MATERIAL PROVIDED:

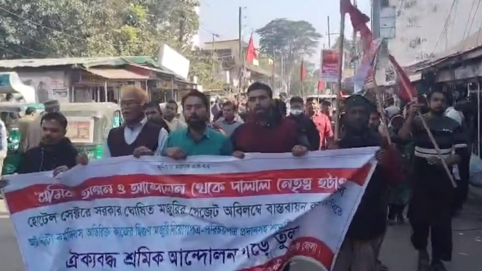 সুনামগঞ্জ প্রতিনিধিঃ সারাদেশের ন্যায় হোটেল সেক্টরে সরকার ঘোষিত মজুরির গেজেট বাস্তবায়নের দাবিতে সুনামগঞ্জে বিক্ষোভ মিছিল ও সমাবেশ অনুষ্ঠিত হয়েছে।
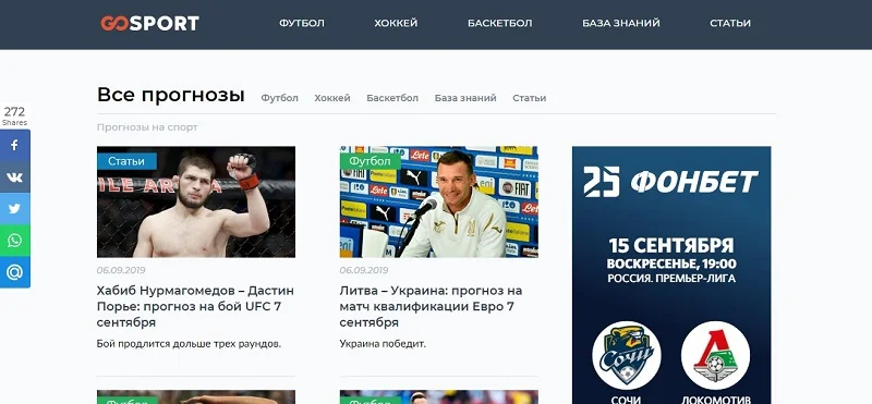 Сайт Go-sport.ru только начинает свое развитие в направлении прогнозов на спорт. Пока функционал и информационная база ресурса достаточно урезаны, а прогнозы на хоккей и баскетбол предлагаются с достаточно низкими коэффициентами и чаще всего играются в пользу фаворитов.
* * *
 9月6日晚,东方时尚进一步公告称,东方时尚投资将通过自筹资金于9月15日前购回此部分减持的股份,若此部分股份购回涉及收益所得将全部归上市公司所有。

ABOUT THIS TASK: Everything above from the line containing "সুনামগঞ্জ প্রতিনিধিঃ সারাদেশের" down to the line containing "Сайт Go-sport.ru только" is to be duplicated exactly, both lines included, and the pictures are to be omitted.

FINISHED EXERCISE:
 সুনামগঞ্জ প্রতিনিধিঃ সারাদেশের ন্যায় হোটেল সেক্টরে সরকার ঘোষিত মজুরির গেজেট বাস্তবায়নের দাবিতে সুনামগঞ্জে বিক্ষোভ মিছিল ও সমাবেশ অনুষ্ঠিত হয়েছে।
 Сайт Go-sport.ru только начинает свое развитие в направлении прогнозов на спорт. Пока функционал и информационная база ресурса достаточно урезаны, а прогнозы на хоккей и баскетбол предлагаются с достаточно низкими коэффициентами и чаще всего играются в пользу фаворитов.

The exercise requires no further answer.